Your objective ▸
Below are some records. Write out the lines from the one containing "在以《思政课教师要心有大爱》" to the last line, word for word, leaving out pictures.

Supplied data ▸
*** Block opens ***
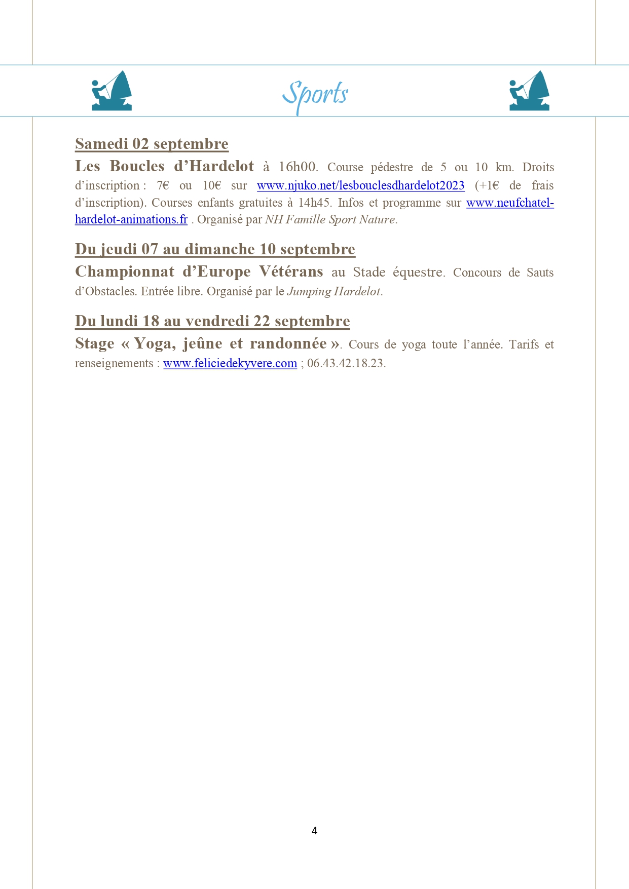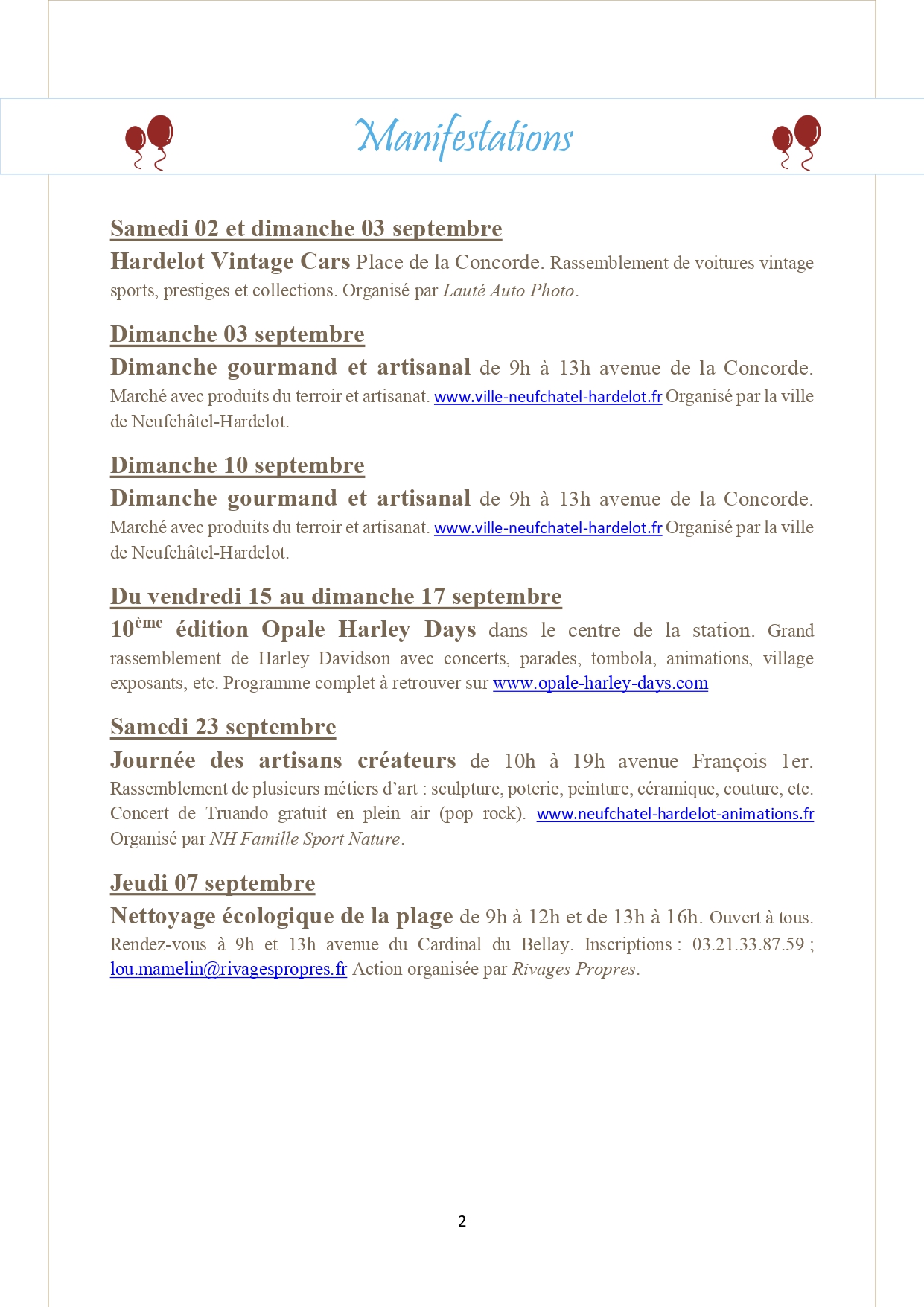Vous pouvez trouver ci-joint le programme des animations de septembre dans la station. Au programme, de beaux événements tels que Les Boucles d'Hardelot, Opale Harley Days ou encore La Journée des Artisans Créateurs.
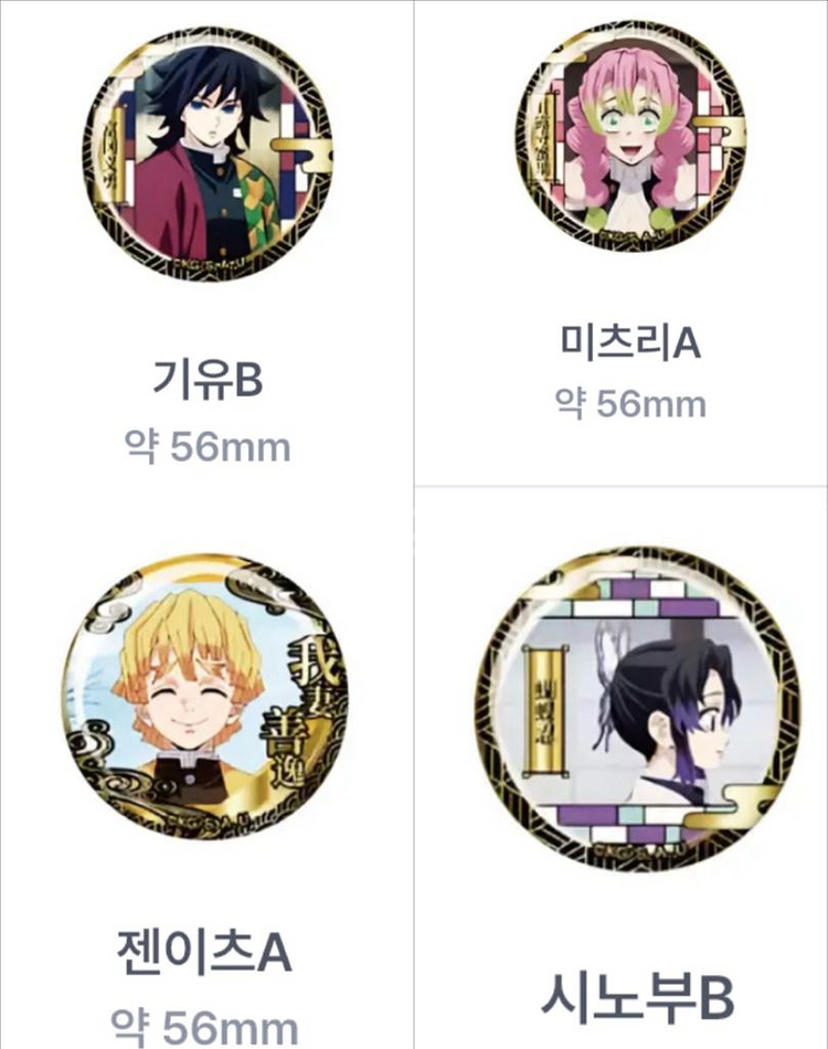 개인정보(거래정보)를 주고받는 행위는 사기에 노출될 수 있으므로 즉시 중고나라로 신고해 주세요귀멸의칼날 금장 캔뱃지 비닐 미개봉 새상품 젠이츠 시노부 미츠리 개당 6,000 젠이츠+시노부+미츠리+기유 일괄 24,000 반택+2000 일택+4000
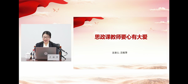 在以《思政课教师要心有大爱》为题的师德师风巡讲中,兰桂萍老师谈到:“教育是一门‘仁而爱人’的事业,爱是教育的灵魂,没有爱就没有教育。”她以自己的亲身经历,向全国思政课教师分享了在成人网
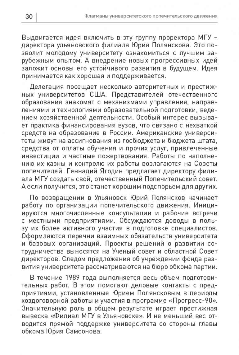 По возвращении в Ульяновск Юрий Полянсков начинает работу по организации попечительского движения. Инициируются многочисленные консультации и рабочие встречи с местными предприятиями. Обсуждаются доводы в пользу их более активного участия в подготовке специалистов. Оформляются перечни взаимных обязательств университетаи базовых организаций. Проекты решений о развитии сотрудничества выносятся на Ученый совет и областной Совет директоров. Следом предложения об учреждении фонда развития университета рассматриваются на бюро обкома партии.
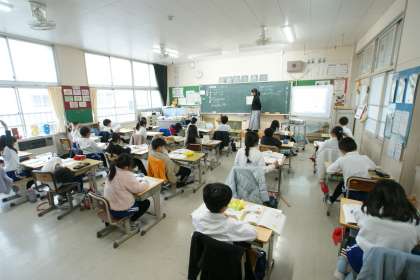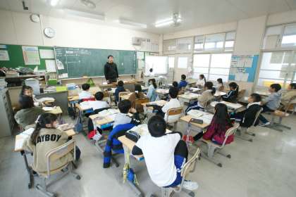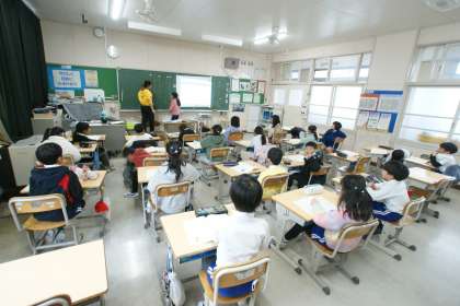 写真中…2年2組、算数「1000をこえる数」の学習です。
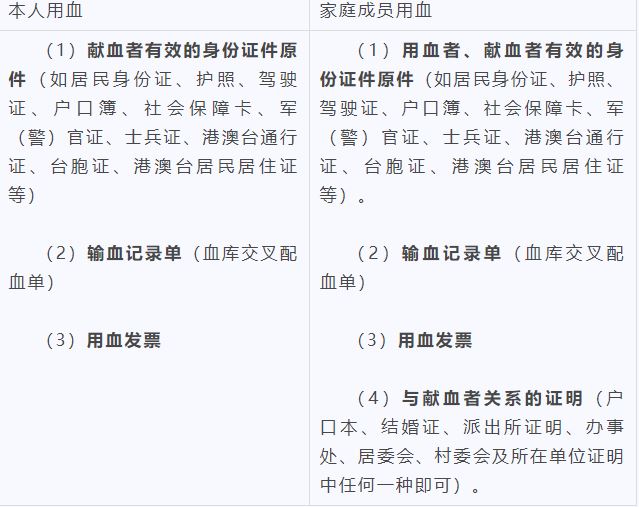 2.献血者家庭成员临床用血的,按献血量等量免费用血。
*** Block closes ***
The completed task ▸
 在以《思政课教师要心有大爱》为题的师德师风巡讲中,兰桂萍老师谈到:“教育是一门‘仁而爱人’的事业,爱是教育的灵魂,没有爱就没有教育。”她以自己的亲身经历,向全国思政课教师分享了在成人网
 По возвращении в Ульяновск Юрий Полянсков начинает работу по организации попечительского движения. Инициируются многочисленные консультации и рабочие встречи с местными предприятиями. Обсуждаются доводы в пользу их более активного участия в подготовке специалистов. Оформляются перечни взаимных обязательств университетаи базовых организаций. Проекты решений о развитии сотрудничества выносятся на Ученый совет и областной Совет директоров. Следом предложения об учреждении фонда развития университета рассматриваются на бюро обкома партии.
 写真中…2年2組、算数「1000をこえる数」の学習です。
 2.献血者家庭成员临床用血的,按献血量等量免费用血。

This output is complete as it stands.